*Records from a collection*.
━━━━━━━━━━━━━━━━

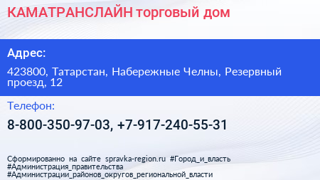 КАМАТРАНСЛАЙН, торговый дом по адресу 423800, Татарстан, Набережные Челны, Резервный проезд, 12 в дальнейшем Организация, размещена в следующих категориях:
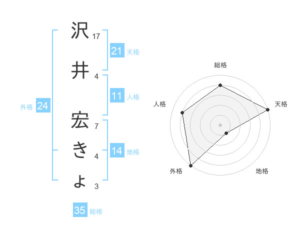 沢井 宏きょさんを姓名の画数から五運を鑑定
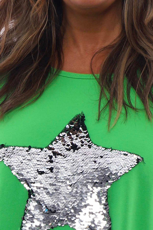 Selsey Sequin Star Cotton Top Green
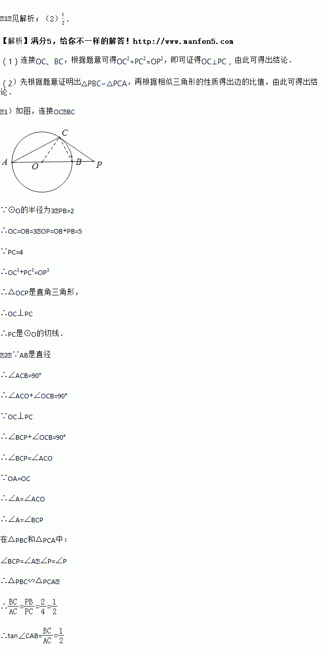 如图,C是⊙O上一点,点P在直径AB的延长线上,⊙O的半径为3,PB=2,PC=4.
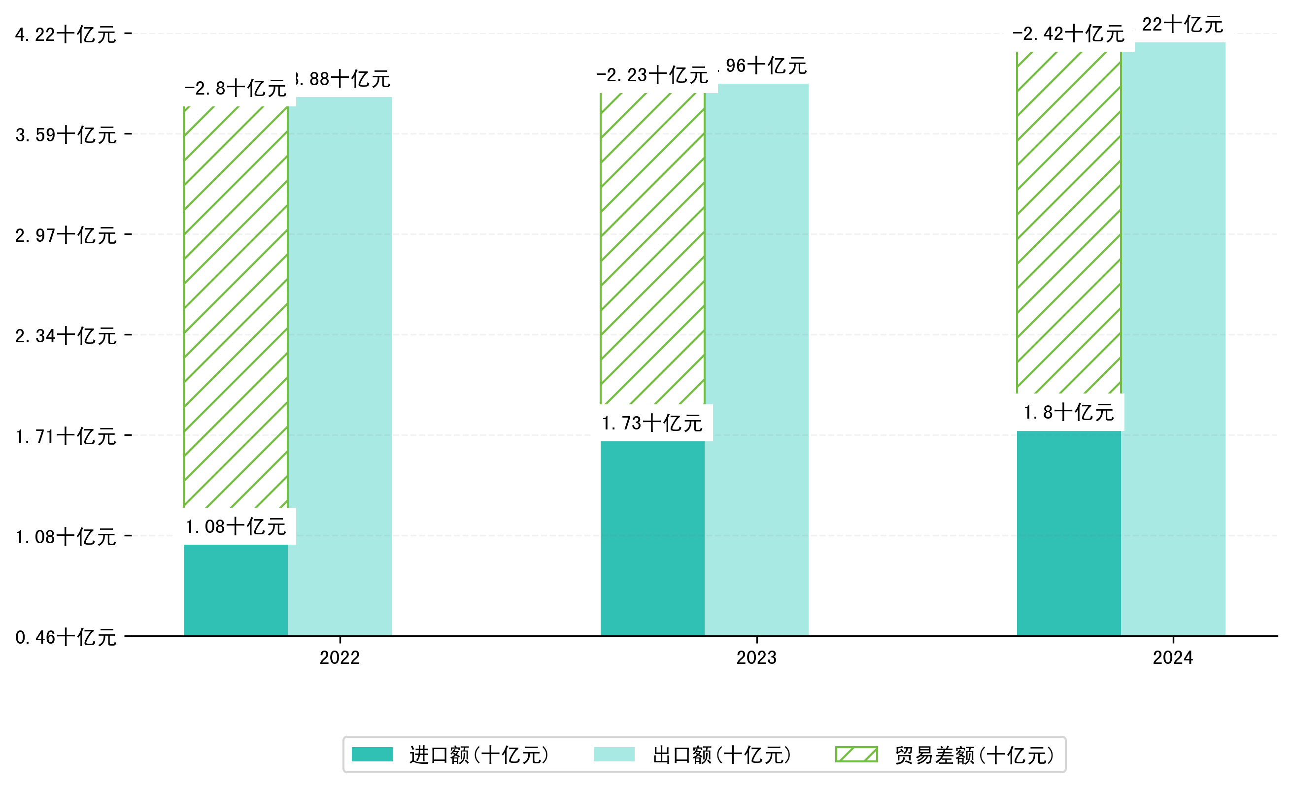 以人民币计,2024年1-2月荆州市贸易差额为24,2458,3991万元(贸易顺差),相比上年同期增加了1,9282,3289万元,同比增加8.64%。
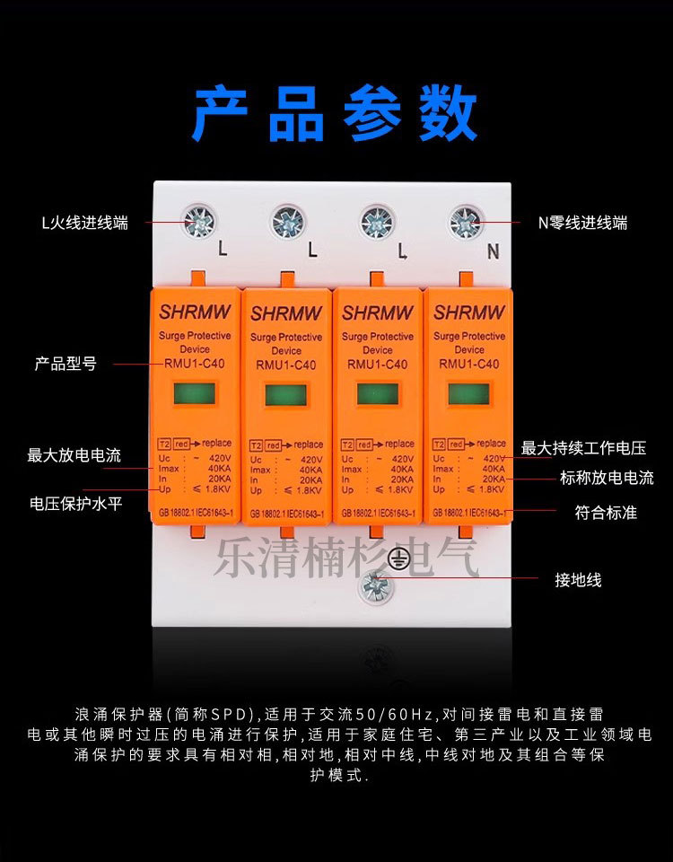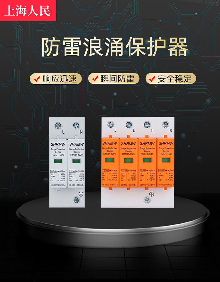 Шанхайская Народная Защита от перенапряжений 4P Блок питания 2P Модуль молниезащиты дома 220V Переключатель разрядник перенапряжения
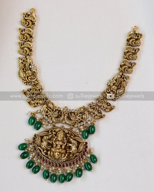 Premium Lakshmi Necklace (Green Beads) with Jhumka
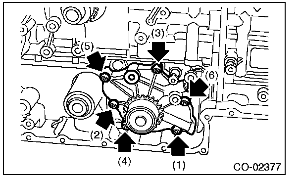 Tighten the bolts in the numerical order as shown in the figure, and install water pump to the
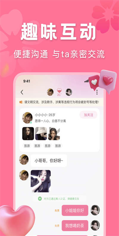 互动沟通功能:支持文字、语音、视频聊天,还有“小纸条”趣味破冰工具,避免尬聊;视频聊天可直观展示真实形象,提升彼此信任感。
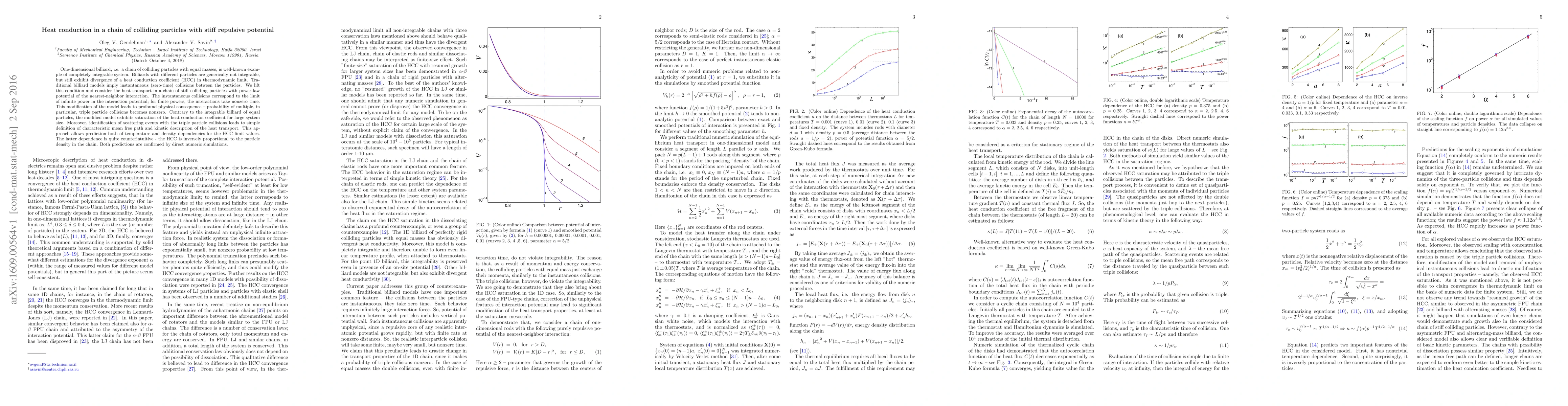 One-dimensional billiard, i.e. a chain of colliding particles with equal masses, is well-known example of completely integrable system. Billiards with different particles are generically not integrable, but still exhibit divergence of a heat conduction coefficient (HCC) in thermodynamic limit. Traditional billiard models imply instantaneous (zero-time) collisions between the particles. We lift this condition and consider the heat transport in a chain of stiff colliding particles with power-law potential of the nearest-neighbor interaction. The instantaneous collisions correspond to the limit of infinite power in the interaction potential; for finite powers, the interactions take nonzero time. This modification of the model leads to profound physical consequence -- probability of multiple, in particular, triple particle collisions becomes nonzero. Contrary to the integrable billiard of equal particles, the modified model exhibits saturation of the heat conduction coefficient for large system size. Moreover, identification of scattering events with the triple particle collisions leads to simple definition of characteristic mean free path and kinetic description of the heat transport. This approach allows prediction both of temperature and density dependencies for the HCC limit values. The latter dependence is quite counterintuitive - the HCC is inversely proportional to the particle density in the chain. Both predictions are confirmed by direct numeric simulations.
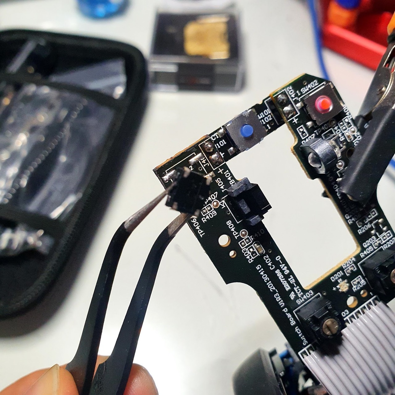 새 부품을 설치할 때는 또 녹여먹을까 봐 열풍기는 쓰지 않고 인두기로 다릿발 하나씩 땜질했습니다. 기판에 스위치 방향이 프린트되어 있으니 방향에 맞게 스위치 위치 잘 잡아주고 조심스럽게 설치 완료했습니다.

━━━━━━━━━━━━━━━━

In the data above, please extract the lines from the first one through the line with "互动沟通功能:支持文字、语音", exactly, and keep pictures out.

 КАМАТРАНСЛАЙН, торговый дом по адресу 423800, Татарстан, Набережные Челны, Резервный проезд, 12 в дальнейшем Организация, размещена в следующих категориях:
 沢井 宏きょさんを姓名の画数から五運を鑑定
 Selsey Sequin Star Cotton Top Green
 如图,C是⊙O上一点,点P在直径AB的延长线上,⊙O的半径为3,PB=2,PC=4.
 以人民币计,2024年1-2月荆州市贸易差额为24,2458,3991万元(贸易顺差),相比上年同期增加了1,9282,3289万元,同比增加8.64%。
 Шанхайская Народная Защита от перенапряжений 4P Блок питания 2P Модуль молниезащиты дома 220V Переключатель разрядник перенапряжения
 Premium Lakshmi Necklace (Green Beads) with Jhumka
 Tighten the bolts in the numerical order as shown in the figure, and install water pump to the
 互动沟通功能:支持文字、语音、视频聊天,还有“小纸条”趣味破冰工具,避免尬聊;视频聊天可直观展示真实形象,提升彼此信任感。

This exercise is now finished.